### Information provided ###
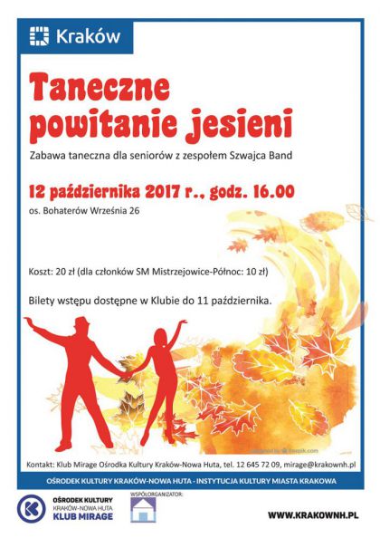 Klub Mirage Ośrodka Kultury Kraków-Nowa Huta (os. Bohaterów Września 26) zaprasza seniorów na Taneczne powitanie jesieni w czwartek 12 października o godz. 16.00. Zbliża się jesień, ale to nie powód, żeby się smucić. Jak co roku Klub zaprasza seniorów na zabawę taneczną, by powitać tę porę roku muzycznie, tanecznie i z przytupem. Zagra zespół Szwajca Band. Współorganizatorem jest Spółdzielnia Mieszkaniowa Mistrzejowice-Północ.
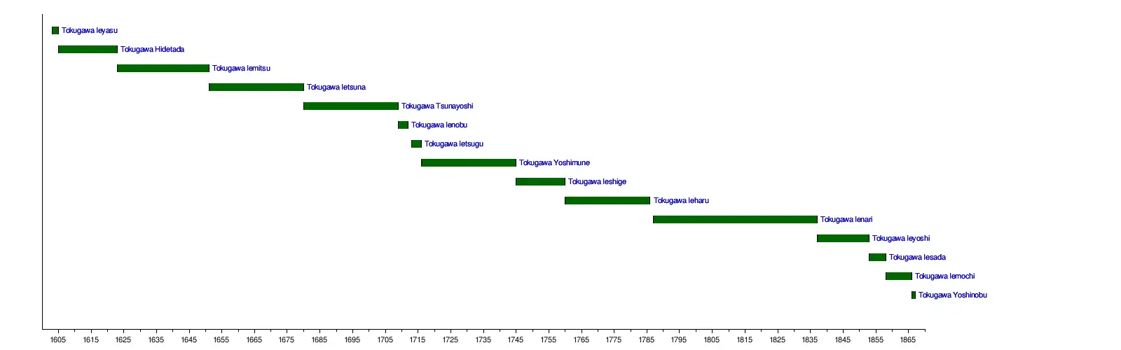 Shoguns that ruled Japan intermittently, as hereditary military dictators,[1] from the beginning of the Asuka period in 709 until the end of the Tokugawa shogunate in 1868.[lower-alpha 1] are as follows:
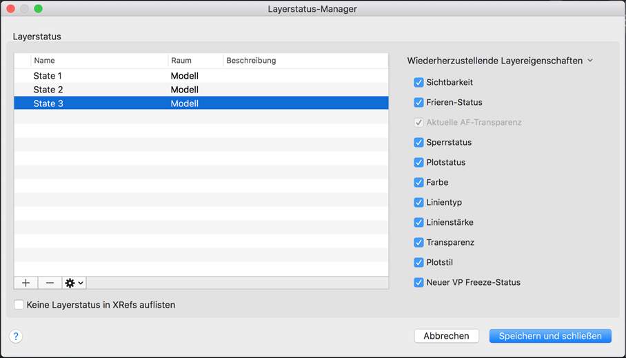 Zeigt eine Liste der in der Zeichnung gespeicherten Layerstatus an. Sie können Layerstatus erstellen, umbenennen, bearbeiten und löschen.
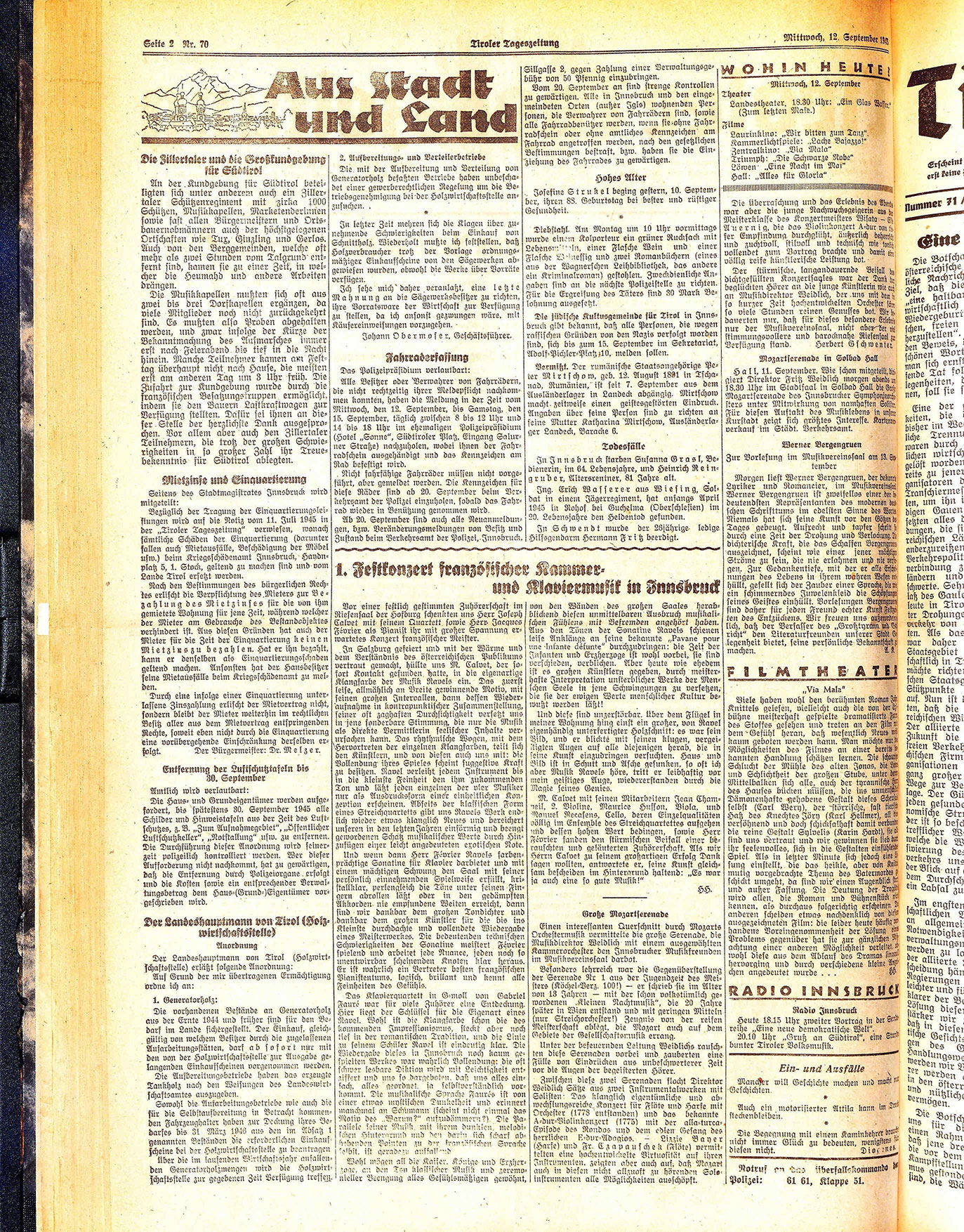 Hall, 11. September. Wie schon mitgeteilt, di giert Direktor Fritz Weidlich morgen abend18.30 Uhr im Stadtsaal in Solbad Hall die Gus Mozartserenade des Innsbrucker Symphonjeot sters unter Mitwirkung von namhaften Soliste Für diesen Auftakt des Musiklebens in unse Kurstadt zeigt sich größtes Interesse. Kartems verkauf im Städt. Verkehrsamt.
###
Work instructions = Since the pictures are not part of the copy, transcribe only the remaining material, exactly.

Response to this exercise =
 Klub Mirage Ośrodka Kultury Kraków-Nowa Huta (os. Bohaterów Września 26) zaprasza seniorów na Taneczne powitanie jesieni w czwartek 12 października o godz. 16.00. Zbliża się jesień, ale to nie powód, żeby się smucić. Jak co roku Klub zaprasza seniorów na zabawę taneczną, by powitać tę porę roku muzycznie, tanecznie i z przytupem. Zagra zespół Szwajca Band. Współorganizatorem jest Spółdzielnia Mieszkaniowa Mistrzejowice-Północ.
 Shoguns that ruled Japan intermittently, as hereditary military dictators,[1] from the beginning of the Asuka period in 709 until the end of the Tokugawa shogunate in 1868.[lower-alpha 1] are as follows:
 Zeigt eine Liste der in der Zeichnung gespeicherten Layerstatus an. Sie können Layerstatus erstellen, umbenennen, bearbeiten und löschen.
 Hall, 11. September. Wie schon mitgeteilt, di giert Direktor Fritz Weidlich morgen abend18.30 Uhr im Stadtsaal in Solbad Hall die Gus Mozartserenade des Innsbrucker Symphonjeot sters unter Mitwirkung von namhaften Soliste Für diesen Auftakt des Musiklebens in unse Kurstadt zeigt sich größtes Interesse. Kartems verkauf im Städt. Verkehrsamt.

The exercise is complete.